Many Victorian novels pivot on jewelry at some point. Grandcourt had ordered Lydia to return the diamonds he had given her. On the evening of the wedding, Gwendolen receives the package from Lydia, with a devastating letter attached. 

“These diamonds, which were once given with ardent love to Lydia Glasher, she passes on to you. You have broken your word to her, that you might possess what was hers. Perhaps you think of being happy, as she once was, and of having beautiful children such as hers, who will thrust hers aside. God is too just for that. The man you have married has a withered heart. His best young love was mine: you could not take that from me when you took the rest. It is dead: but I am the grave in which your chance of happiness is buried as well as mine. You had your warning. You have chosen to injure me and my children. He had meant to marry me. He would have married me at last, if you had not broken your word. You will have your punishment. I desire it with all my soul.

“Will you give him this letter to set him against me and ruin us more—me and my children? Shall you like to stand before your husband with these diamonds on you, and these words of mine in his thoughts and yours?
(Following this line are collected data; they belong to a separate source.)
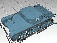 A rare modification that attempted to make the Panzer I into a self-propelled anti-aircraft gun by addition of a single 20mm anti-aircraft autocannon; it was not produced widely due to limited operational utility.[14]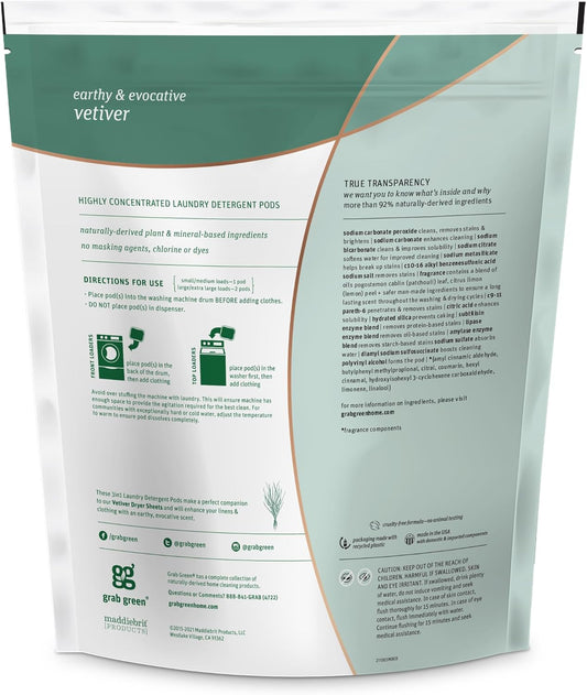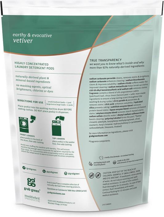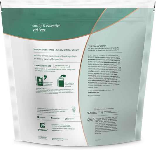 Grab Green 3-in-1 Laundry Detergent Pods, 60 Count, Vetiver Scent, Plant and Mineral Based, Superior Cleaning Power, Stain Remover, Brightens Clothes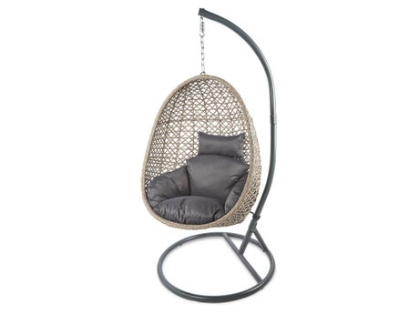 The rattan egg chair comes with a set of grey cushions and hangs from a silver chain on an iron frame.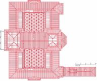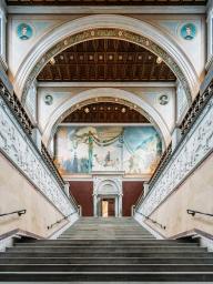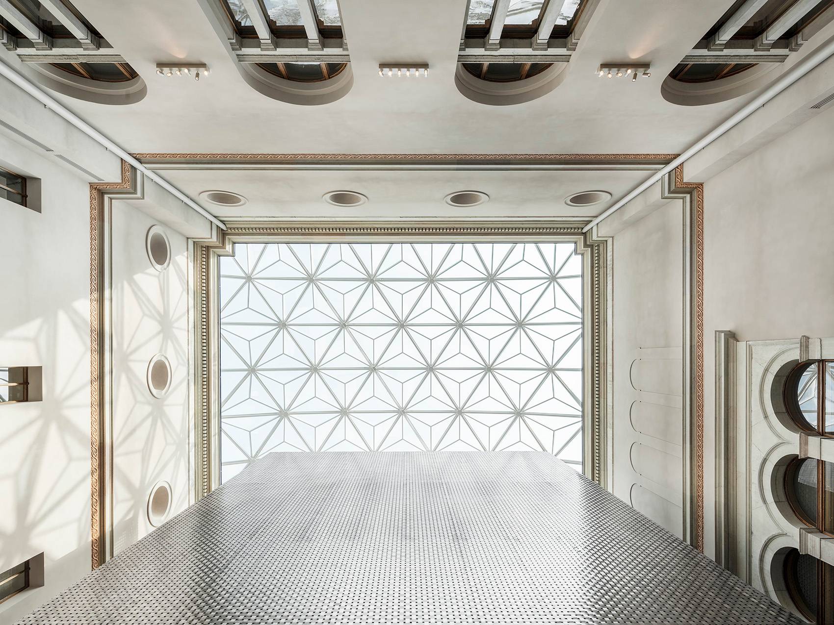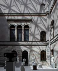 兩個中庭采光都依靠上方的玻璃屋頂,玻璃屋頂很薄,這樣就不會影響建筑物的外輪廓。但是拱形屋頂有一點不足之處,即會使聲波聚集在空間中心處。玻璃屋頂是由一個個小的錐形結構組成的,這是為了給中庭提供盡可能好的聲效。這樣的話,聲波可以分散至周圍的墻壁上,墻壁的吸聲灰泥飾面能夠吸收聲波,地面上的混響就不存在了。如此一來,兩個中庭都可以用來舉辦各種公共活動。墻面的灰色可以讓光線更加柔和,這對周圍的畫廊空間也是有好處的。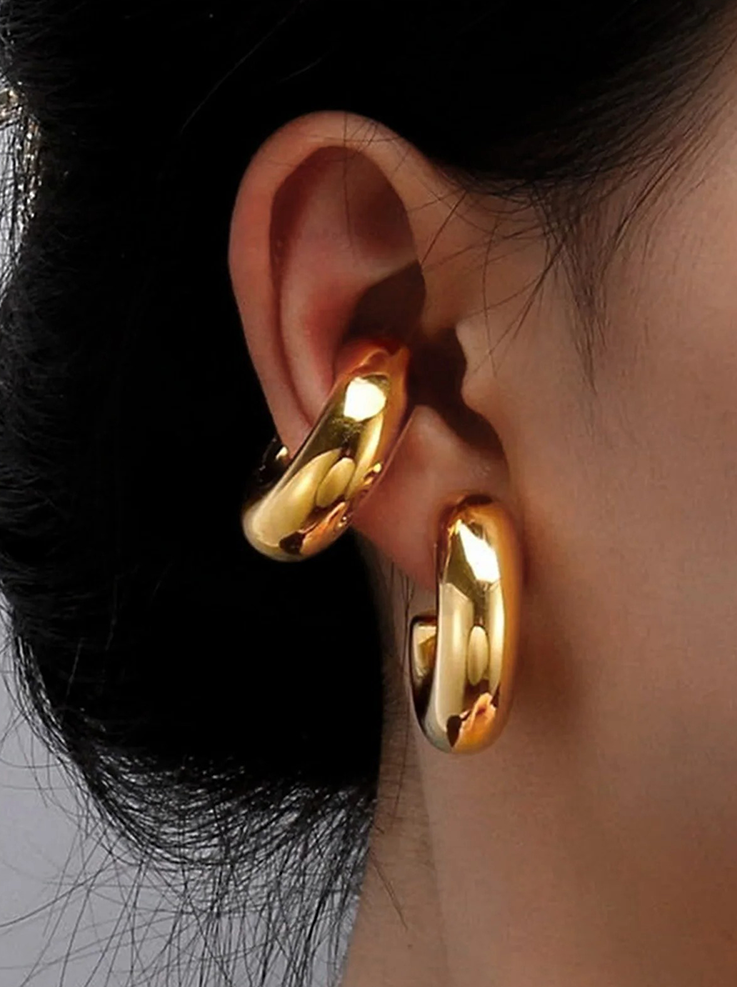 Get the ultimate edgy look with our chunky ear cuff! These gold clip-on earrings are totally on trend and instantly add a touch of style to your outfit.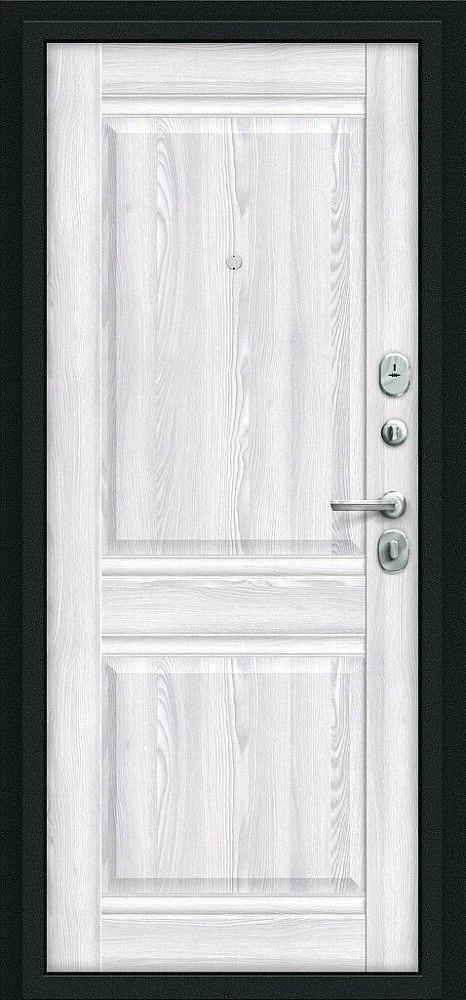 Надежная входная Дверь Браво Некст Kale Букле черное/Riviera Ice премиум класса по цене 35 549 руб. Большая толщина стали защитит от проникновения в ваш дом, квартиру или коттедж. Используется очень качественная фурнитура: замки, цилиндры, ручки, защелки. Покрытие и отделка двери изготовлено под внимательным контролем производителя. Дверь имеет долгий срок службы и гарантию.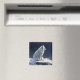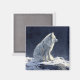 A beautiful white arctic fox sitting in a snowy wonderland, a serene scene captured in an oil painting on a picturesque magnet. Perfect for decorating the kitchen of a fox lover.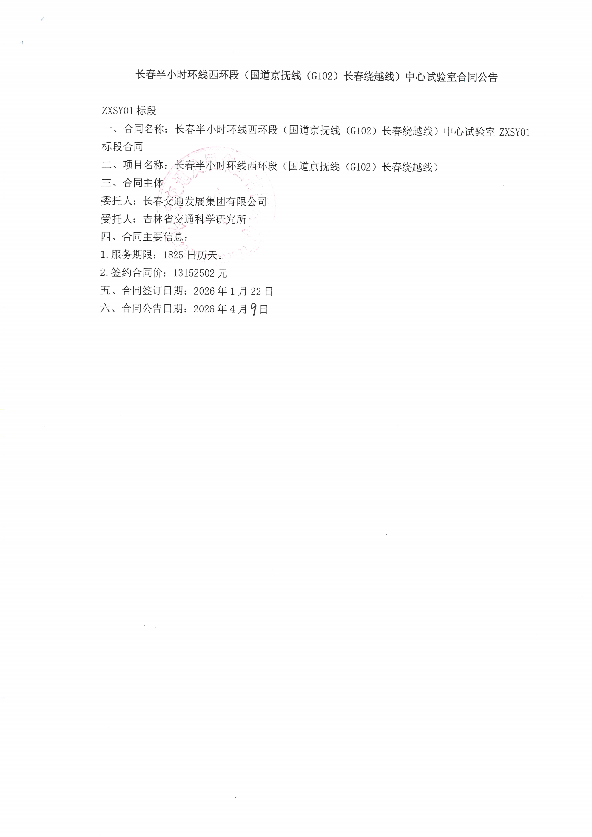 长春半小时环线西环段(国道京抚线(G102)长春绕越线)中心试验室合同公告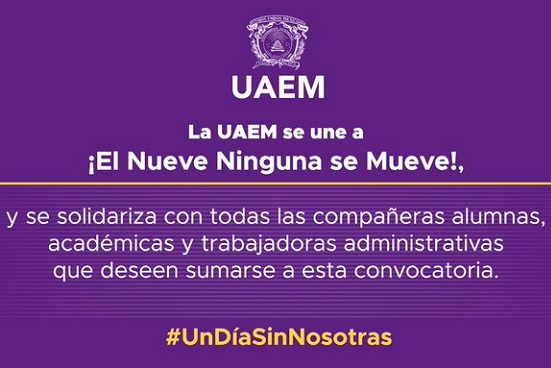 La UAEM informó que se solidarizará con las alumnas, académicas y trabajadoras administrativas que deseen sumarse a dicha convocatoria.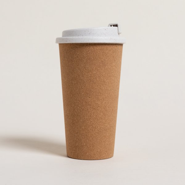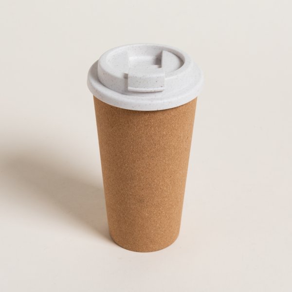 Vaso térmico alto color crema, con revestimiento de corcho y cierre click.

Will he think you have any right to complain when he has made you miserable? You took him with your eyes open. The willing wrong you have done me will be your curse.

Gwendolen becomes hysterical but Grandcourt forces her to wear the diamonds. “Truly here were poisoned gems, and the poison had entered into the poor young creature.”

Myth is important in Daniel Deronda. Lydia is Medea to Gwendolen’s Creusa.  This observation is made by a guest of Daniel’s guardian, Sir Hugo, to Daniel. 

“It’s rather a piquant picture,” said Mr. Vandernoodt—“Grandcourt between two fiery women. For depend upon it this light-haired one has plenty of devil in her. I formed that opinion of her at Leubronn. It’s a sort of Medea and Creüsa business. Fancy the two meeting! Grandcourt is a new kind of Jason: I wonder what sort of a part he’ll make of it. It’s a dog’s part at best. I think I hear Ristori now, saying, ‘Jasone! Jasone!’ These fine women generally get hold of a stick.”

Eliot has empathy both for both women, but Gwendolen pays the highest price. The strong-willed Gwendolen, reduced to the role of Jason’s second bride, poisoned by Medea, is a powerful image.   If Gwendolen is Creusa, then Daniel Deronda is a kind of Orpheus, reluctantly guiding Gwendolen back from Hades, though failing to save her altogether.  But as Orpheus he can save Mirah, the Jewish singer he saves from suicide.  The myth-making centers around marriage and music, and both Daniel and Mirah are singers. If anyone can be happy in this novel, it is the characters who can sing and make music.